▶ **ENTRIES PROVIDED**
________
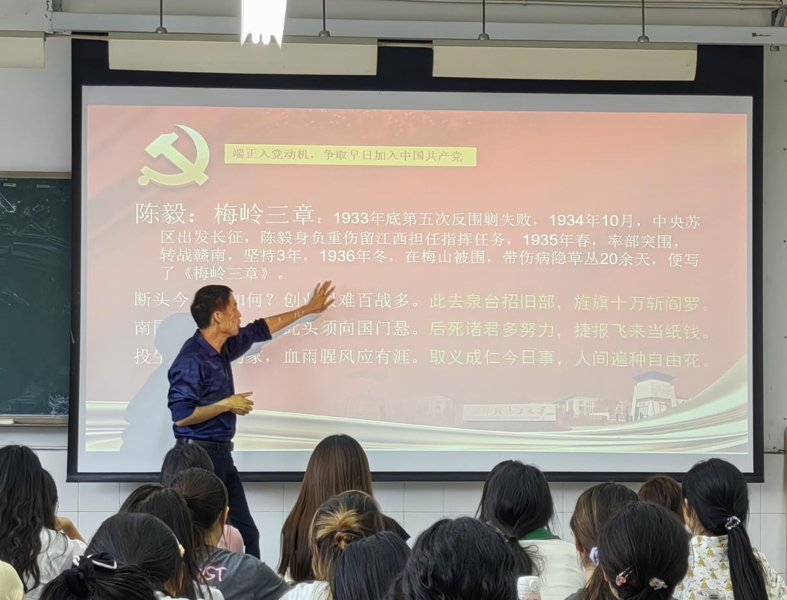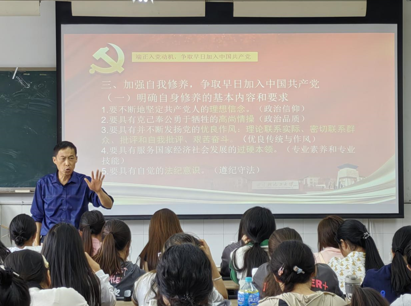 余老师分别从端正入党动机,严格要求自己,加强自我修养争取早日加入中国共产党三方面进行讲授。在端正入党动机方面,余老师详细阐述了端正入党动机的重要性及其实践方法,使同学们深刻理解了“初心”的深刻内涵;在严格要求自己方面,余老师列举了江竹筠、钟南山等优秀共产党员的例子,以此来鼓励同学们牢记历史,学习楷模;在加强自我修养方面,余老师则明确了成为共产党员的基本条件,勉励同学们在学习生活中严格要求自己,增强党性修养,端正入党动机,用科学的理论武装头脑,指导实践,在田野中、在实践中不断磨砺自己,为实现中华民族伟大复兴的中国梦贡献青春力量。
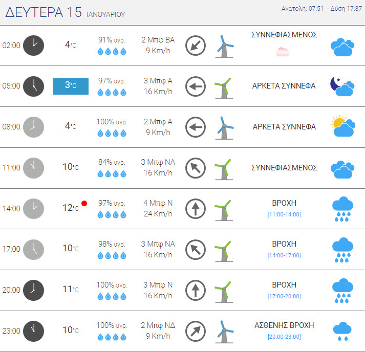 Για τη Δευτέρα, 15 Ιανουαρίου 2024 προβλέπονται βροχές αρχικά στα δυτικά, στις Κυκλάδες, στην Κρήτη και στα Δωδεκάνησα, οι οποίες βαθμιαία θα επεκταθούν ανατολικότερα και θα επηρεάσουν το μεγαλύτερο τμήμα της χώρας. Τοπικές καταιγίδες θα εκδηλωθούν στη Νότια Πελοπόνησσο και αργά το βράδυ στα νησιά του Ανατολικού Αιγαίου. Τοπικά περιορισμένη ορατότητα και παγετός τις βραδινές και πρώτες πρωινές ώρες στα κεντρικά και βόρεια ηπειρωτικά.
________
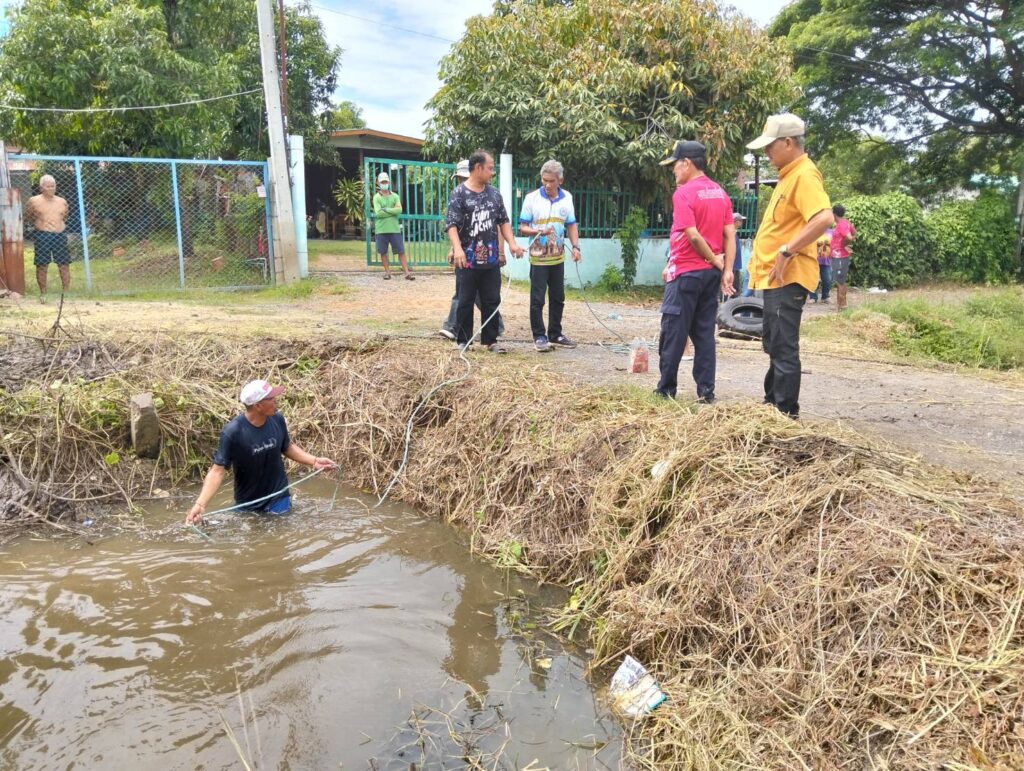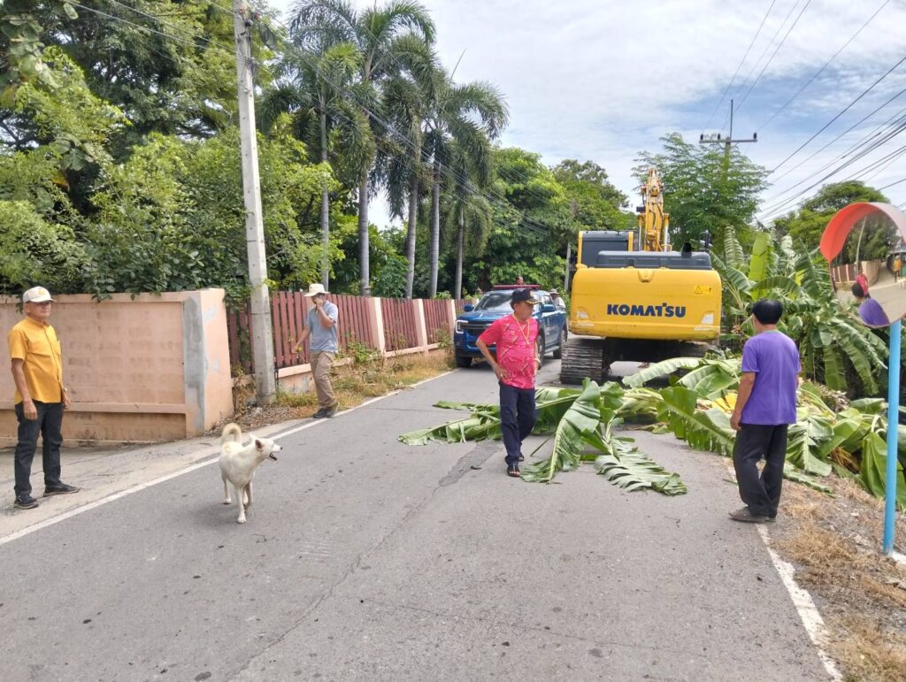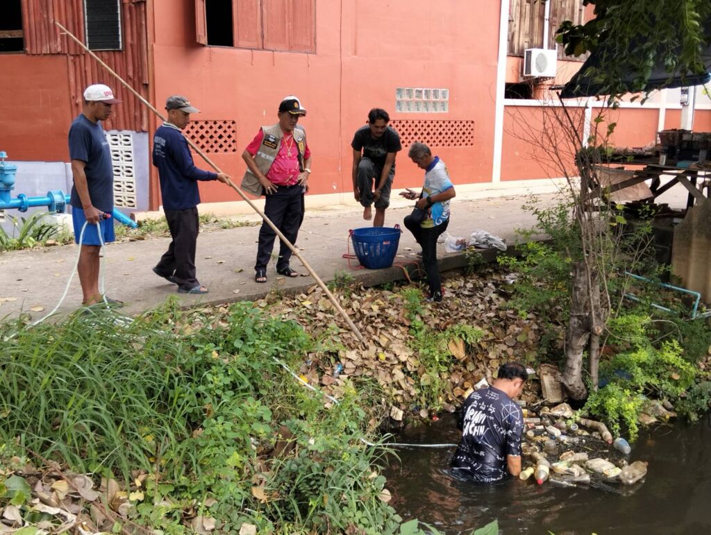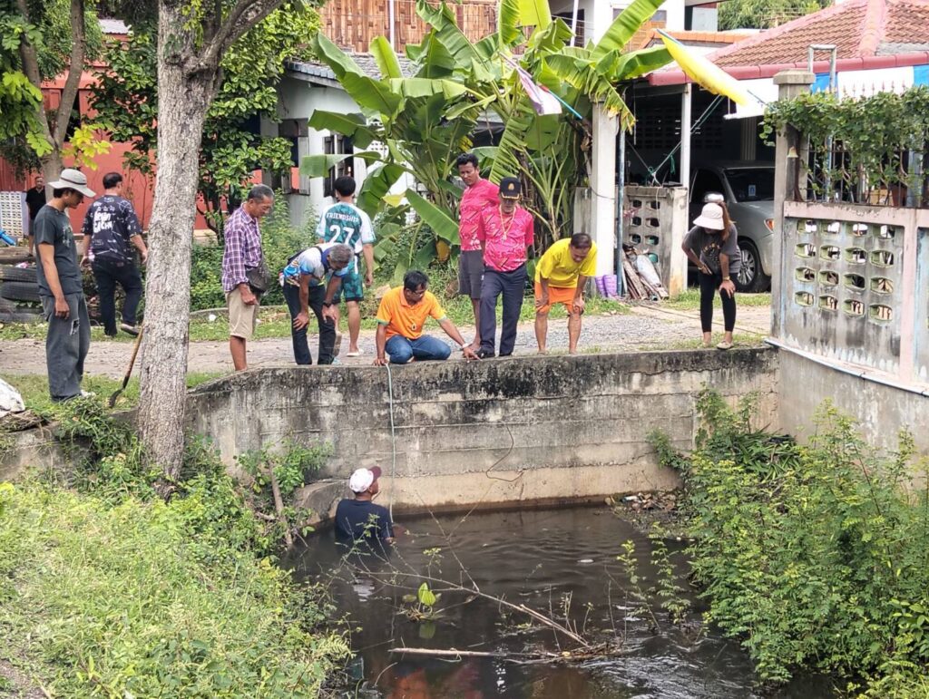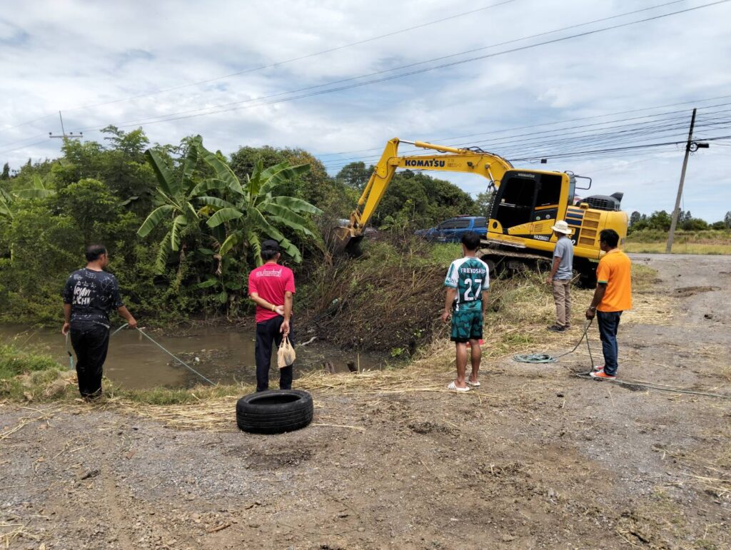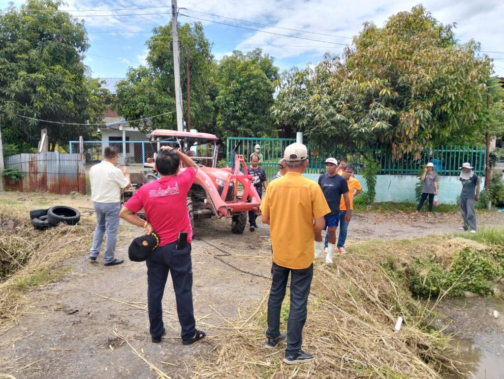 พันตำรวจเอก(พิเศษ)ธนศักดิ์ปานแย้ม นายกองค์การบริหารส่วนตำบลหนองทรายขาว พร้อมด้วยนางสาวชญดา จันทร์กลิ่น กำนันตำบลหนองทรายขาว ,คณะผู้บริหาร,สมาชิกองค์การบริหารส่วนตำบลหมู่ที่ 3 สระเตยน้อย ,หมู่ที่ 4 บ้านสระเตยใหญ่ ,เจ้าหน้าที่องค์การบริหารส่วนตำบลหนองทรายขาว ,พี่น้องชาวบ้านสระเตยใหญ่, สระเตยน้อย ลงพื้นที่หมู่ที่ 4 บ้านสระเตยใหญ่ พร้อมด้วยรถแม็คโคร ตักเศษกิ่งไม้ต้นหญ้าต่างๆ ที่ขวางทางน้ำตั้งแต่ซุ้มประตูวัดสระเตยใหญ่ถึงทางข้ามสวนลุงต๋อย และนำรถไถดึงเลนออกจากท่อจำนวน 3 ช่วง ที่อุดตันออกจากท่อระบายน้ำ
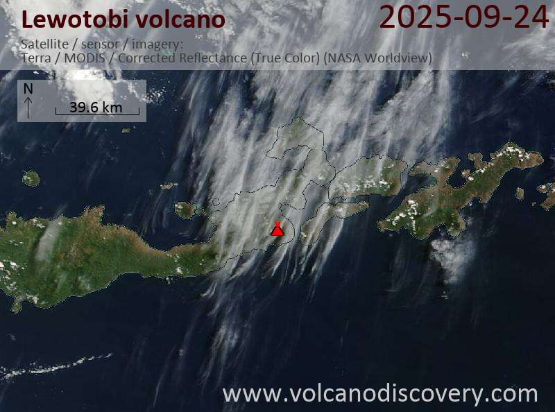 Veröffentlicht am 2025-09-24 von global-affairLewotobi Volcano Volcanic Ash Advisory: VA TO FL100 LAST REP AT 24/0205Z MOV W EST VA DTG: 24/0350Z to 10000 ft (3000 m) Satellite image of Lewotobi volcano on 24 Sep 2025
________
▶ **WORK REQUIRED**
Start with the line with "余老师分别从端正入党动机,严" in the listing above and stop after the line with "Για τη Δευτέρα, 15". Write out exactly the lines in that stretch and no others, without pictures.

▶ **RESULT**
 余老师分别从端正入党动机,严格要求自己,加强自我修养争取早日加入中国共产党三方面进行讲授。在端正入党动机方面,余老师详细阐述了端正入党动机的重要性及其实践方法,使同学们深刻理解了“初心”的深刻内涵;在严格要求自己方面,余老师列举了江竹筠、钟南山等优秀共产党员的例子,以此来鼓励同学们牢记历史,学习楷模;在加强自我修养方面,余老师则明确了成为共产党员的基本条件,勉励同学们在学习生活中严格要求自己,增强党性修养,端正入党动机,用科学的理论武装头脑,指导实践,在田野中、在实践中不断磨砺自己,为实现中华民族伟大复兴的中国梦贡献青春力量。
 Για τη Δευτέρα, 15 Ιανουαρίου 2024 προβλέπονται βροχές αρχικά στα δυτικά, στις Κυκλάδες, στην Κρήτη και στα Δωδεκάνησα, οι οποίες βαθμιαία θα επεκταθούν ανατολικότερα και θα επηρεάσουν το μεγαλύτερο τμήμα της χώρας. Τοπικές καταιγίδες θα εκδηλωθούν στη Νότια Πελοπόνησσο και αργά το βράδυ στα νησιά του Ανατολικού Αιγαίου. Τοπικά περιορισμένη ορατότητα και παγετός τις βραδινές και πρώτες πρωινές ώρες στα κεντρικά και βόρεια ηπειρωτικά.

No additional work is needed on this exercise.